Мы сидели на диване и смотрели телевизор. Тамар долго не возвращалась. Отец все потирал свежевыбритый подбородок, лицо у него казалось каким-то недоваренным. Рекламные ролики были такими бойкими, что я чувствовала себя неловко, на фоне натянутой тишины они звучали издевательски. Отец нервно прислушивался к нашему молчанию. Еще месяц назад я бы сидела как на иголках. Перетряхивала бы всю свою жизнь в поисках какой-нибудь жемчужинки-истории, чтобы поднести ему. Теперь это чувство исчезло. С одной стороны, отец стал мне гораздо ближе, гораздо понятнее – как никогда раньше. Но с другой – он сделался более чужим, стал самым обычным человеком, который плохо переносит острую еду и играет на валютном рынке. Продирается сквозь уроки французского.
Услышав, как Тамар ковыряет ключом в замке, он сразу вскочил.
– Мы полчаса назад должны были выйти, – сказал он.
Тамар поглядела на меня, поправила сумочку на плече.
– Извини.
– Ты прекрасно знаешь, во сколько мы уходим, – продолжал он.
– Я же извинилась.
И извинялась она как будто искренне, но тут же автоматически скосила глаза на включенный телевизор. Она быстро отвела взгляд, но я-то знала, что отец это заметил.
– И даже сока не принесла, – сказал он дрожащим от обиды голосом.
Сначала меня подобрала юная парочка. Волосы у девушки были сливочного цвета, рубашка завязана на талии, она то и дело с улыбкой оборачивалась ко мне и протягивала пакетик с фисташками. Целовалась с парнем так, чтобы я видела ее юркий язык.
Раньше я не ездила автостопом, почти ни разу.
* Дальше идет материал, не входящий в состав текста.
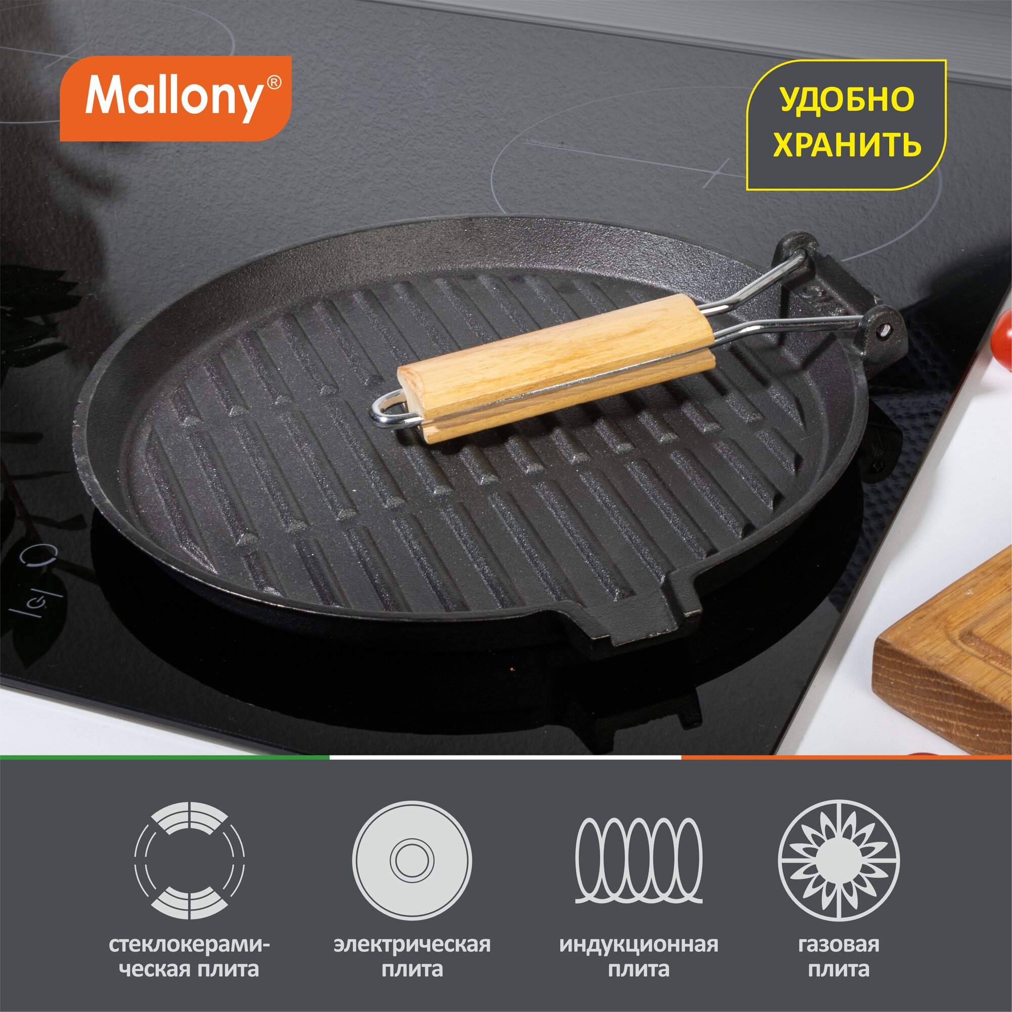 Сковорода-гриль чугунная с деревянной складной ручкой Mallony PADELLA, диа 26 см,тм

Я нервничала, не зная, что люди могут подумать о девушке с длинными волосами. Я не знала, насколько возмущенно нужно говорить о войне или что сказать о студентах, которые кидались камнями в полицейских и захва тывали пассажирские самолеты, требуя, чтобы их доставили на Кубу. Я всегда была в стороне от всего этого, словно бы смотрела фильм о жизни, которую, по идее, должна была бы прожить. Но теперь все было по-другому, теперь, когда я ехала на ранчо.
Я прокручивала в голове тот миг, когда Тамар с отцом вернутся с работы и поймут, что я сбежала. До них дойдет не сразу, Тамар, наверное, сообразит быстрее отца. В квартире никого, моих вещей тоже нет. А отец, наверное, позвонит матери, но что они смогут сделать? Как они меня накажут? Они ведь не знают, куда я уехала. Я выскочила за границы их обзора. Даже их беспокойство меня, скорее, радовало, потому что когда-нибудь им придется подумать о том, почему же я сбежала, и тогда полезет на свет мутное чувство вины и им придется прочувствовать его в полной мере, пускай даже и на секунду.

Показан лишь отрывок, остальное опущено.